## [WHAT IS EXPECTED]
Each line below must be set down exactly; omit any image you find.

## [PROVIDED MATERIAL]
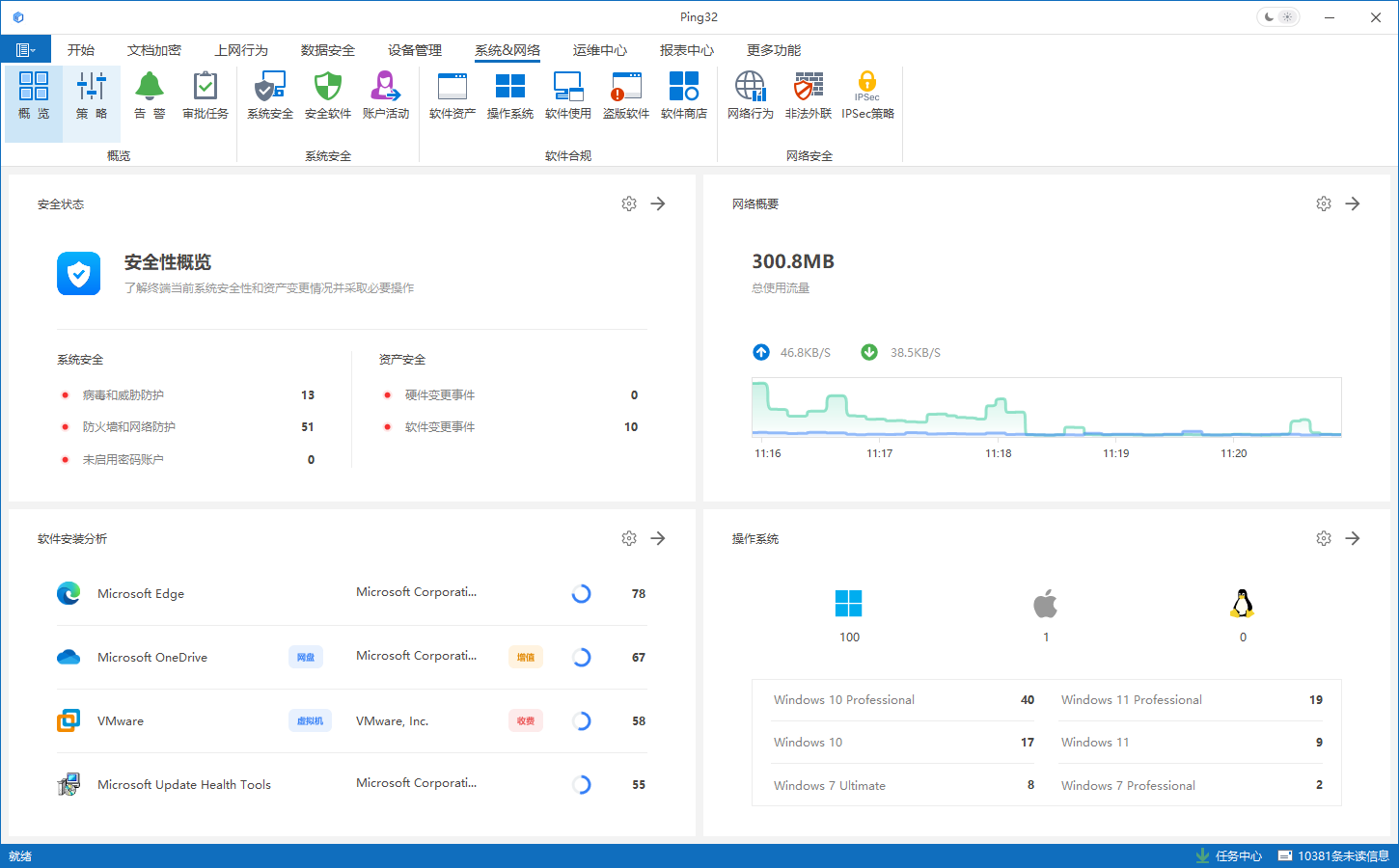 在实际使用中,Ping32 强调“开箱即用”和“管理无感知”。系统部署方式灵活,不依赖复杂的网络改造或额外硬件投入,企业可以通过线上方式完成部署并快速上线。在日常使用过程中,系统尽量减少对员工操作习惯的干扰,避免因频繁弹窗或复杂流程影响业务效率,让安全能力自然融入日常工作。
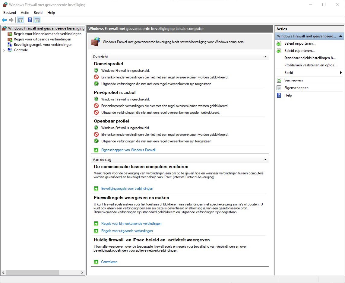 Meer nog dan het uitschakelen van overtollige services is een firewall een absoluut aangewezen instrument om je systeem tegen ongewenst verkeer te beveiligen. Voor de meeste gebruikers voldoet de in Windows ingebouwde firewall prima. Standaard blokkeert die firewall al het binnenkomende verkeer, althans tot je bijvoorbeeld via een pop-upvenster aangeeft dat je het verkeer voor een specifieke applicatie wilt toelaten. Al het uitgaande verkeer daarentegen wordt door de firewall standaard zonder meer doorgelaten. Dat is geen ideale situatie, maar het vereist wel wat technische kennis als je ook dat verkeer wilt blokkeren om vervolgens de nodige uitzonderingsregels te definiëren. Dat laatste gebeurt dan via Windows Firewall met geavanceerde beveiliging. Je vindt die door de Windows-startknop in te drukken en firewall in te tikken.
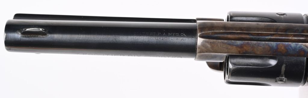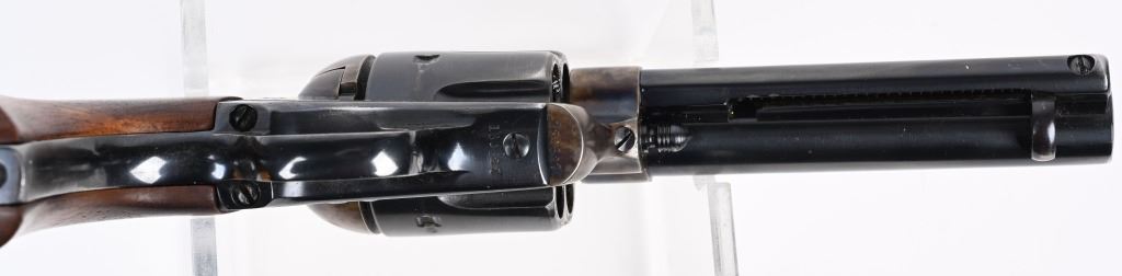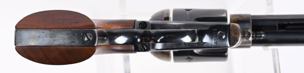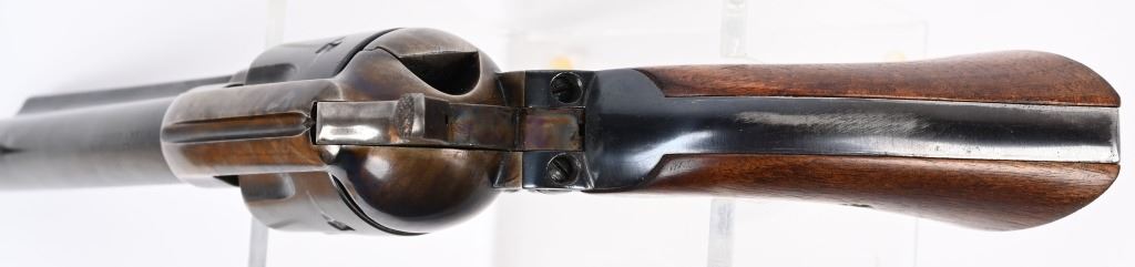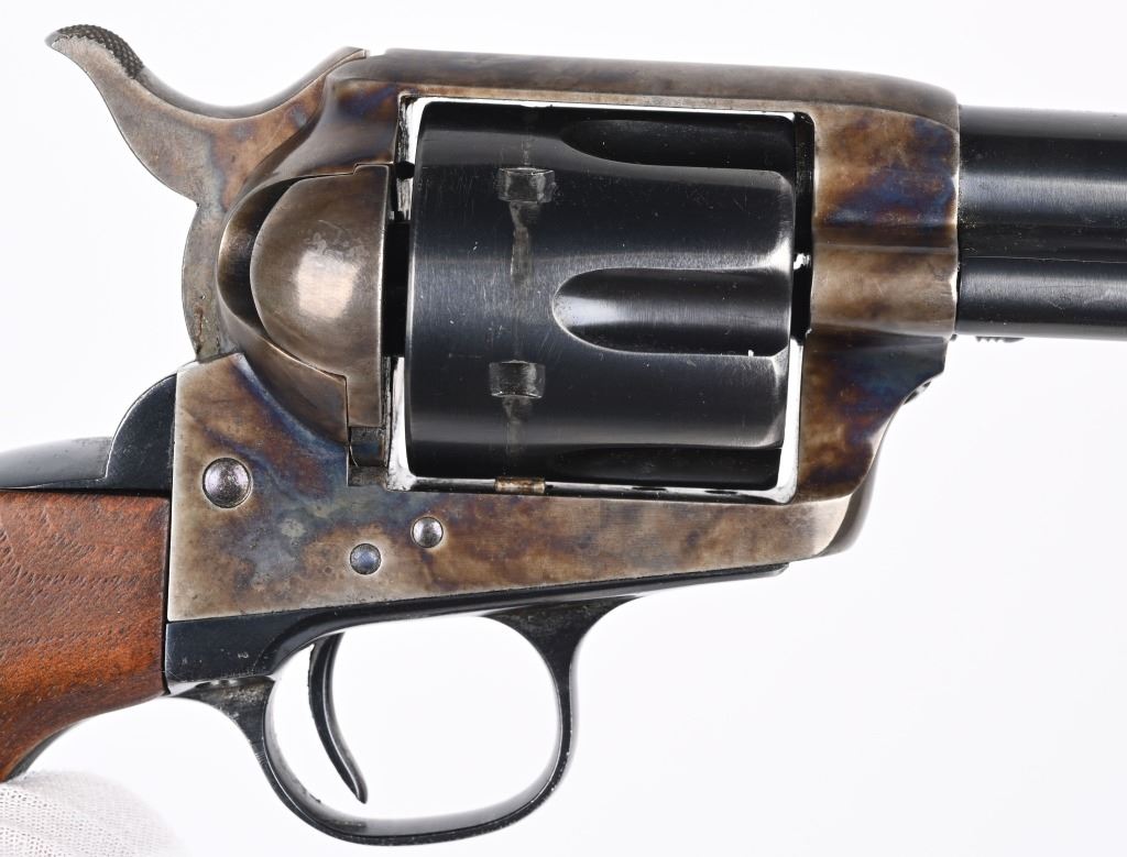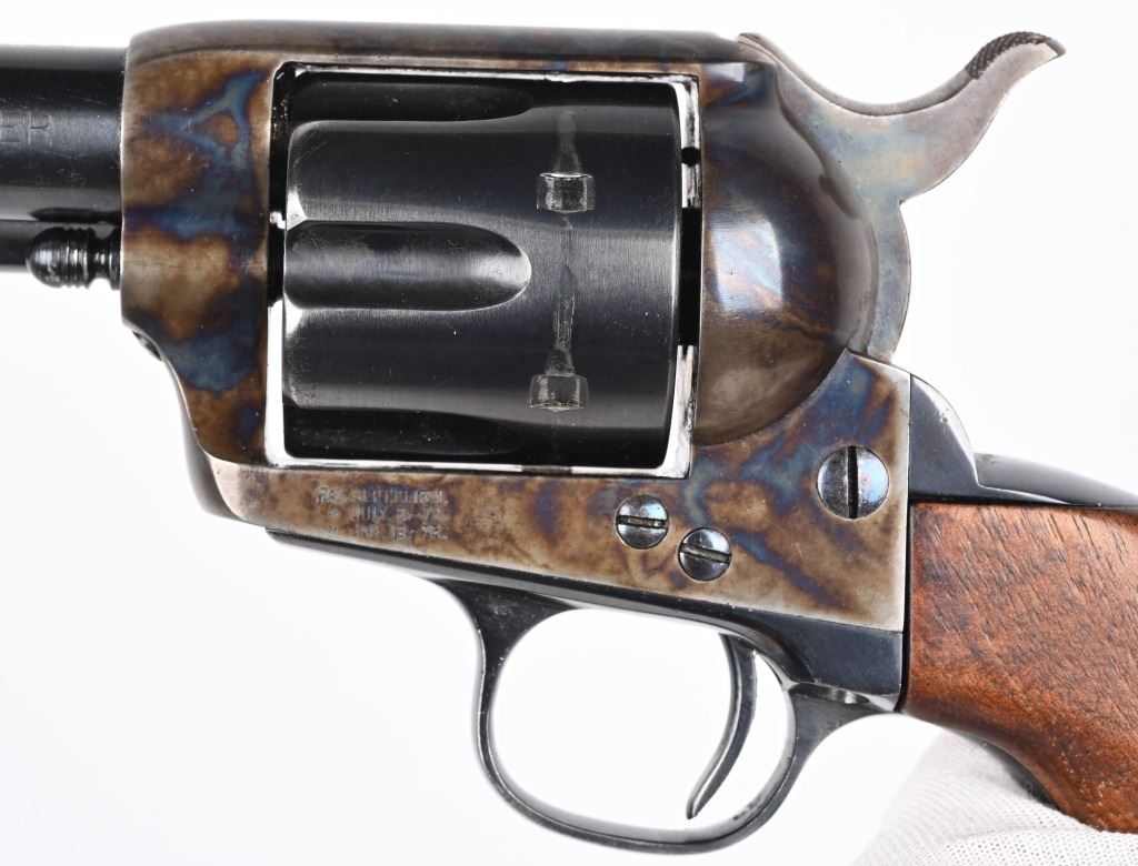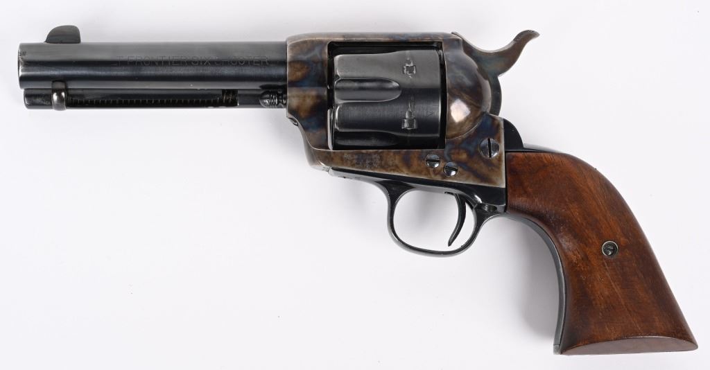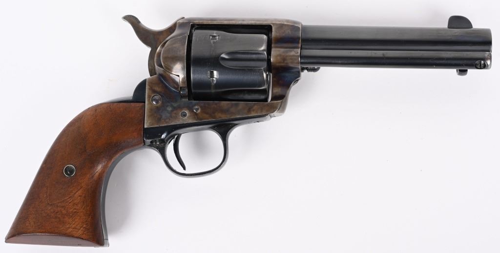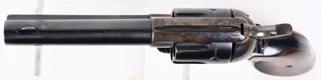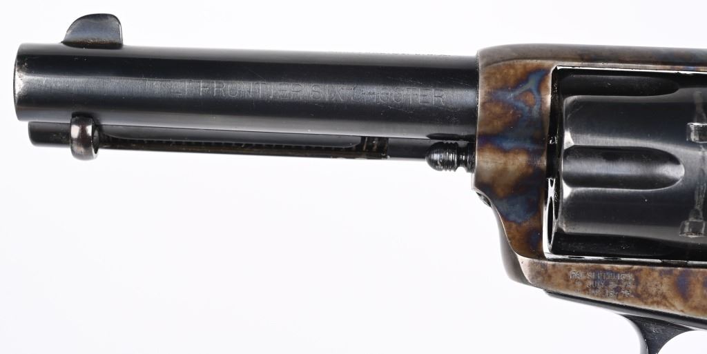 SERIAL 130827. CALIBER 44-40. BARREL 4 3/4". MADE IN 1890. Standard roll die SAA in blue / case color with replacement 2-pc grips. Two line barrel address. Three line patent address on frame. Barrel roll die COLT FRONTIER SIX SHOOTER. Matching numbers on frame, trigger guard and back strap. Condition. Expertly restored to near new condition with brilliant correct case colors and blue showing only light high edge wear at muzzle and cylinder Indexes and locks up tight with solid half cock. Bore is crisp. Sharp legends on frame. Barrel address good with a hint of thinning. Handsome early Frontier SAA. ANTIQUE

## [COMPLETED EXERCISE]
 在实际使用中,Ping32 强调“开箱即用”和“管理无感知”。系统部署方式灵活,不依赖复杂的网络改造或额外硬件投入,企业可以通过线上方式完成部署并快速上线。在日常使用过程中,系统尽量减少对员工操作习惯的干扰,避免因频繁弹窗或复杂流程影响业务效率,让安全能力自然融入日常工作。
 Meer nog dan het uitschakelen van overtollige services is een firewall een absoluut aangewezen instrument om je systeem tegen ongewenst verkeer te beveiligen. Voor de meeste gebruikers voldoet de in Windows ingebouwde firewall prima. Standaard blokkeert die firewall al het binnenkomende verkeer, althans tot je bijvoorbeeld via een pop-upvenster aangeeft dat je het verkeer voor een specifieke applicatie wilt toelaten. Al het uitgaande verkeer daarentegen wordt door de firewall standaard zonder meer doorgelaten. Dat is geen ideale situatie, maar het vereist wel wat technische kennis als je ook dat verkeer wilt blokkeren om vervolgens de nodige uitzonderingsregels te definiëren. Dat laatste gebeurt dan via Windows Firewall met geavanceerde beveiliging. Je vindt die door de Windows-startknop in te drukken en firewall in te tikken.
 SERIAL 130827. CALIBER 44-40. BARREL 4 3/4". MADE IN 1890. Standard roll die SAA in blue / case color with replacement 2-pc grips. Two line barrel address. Three line patent address on frame. Barrel roll die COLT FRONTIER SIX SHOOTER. Matching numbers on frame, trigger guard and back strap. Condition. Expertly restored to near new condition with brilliant correct case colors and blue showing only light high edge wear at muzzle and cylinder Indexes and locks up tight with solid half cock. Bore is crisp. Sharp legends on frame. Barrel address good with a hint of thinning. Handsome early Frontier SAA. ANTIQUE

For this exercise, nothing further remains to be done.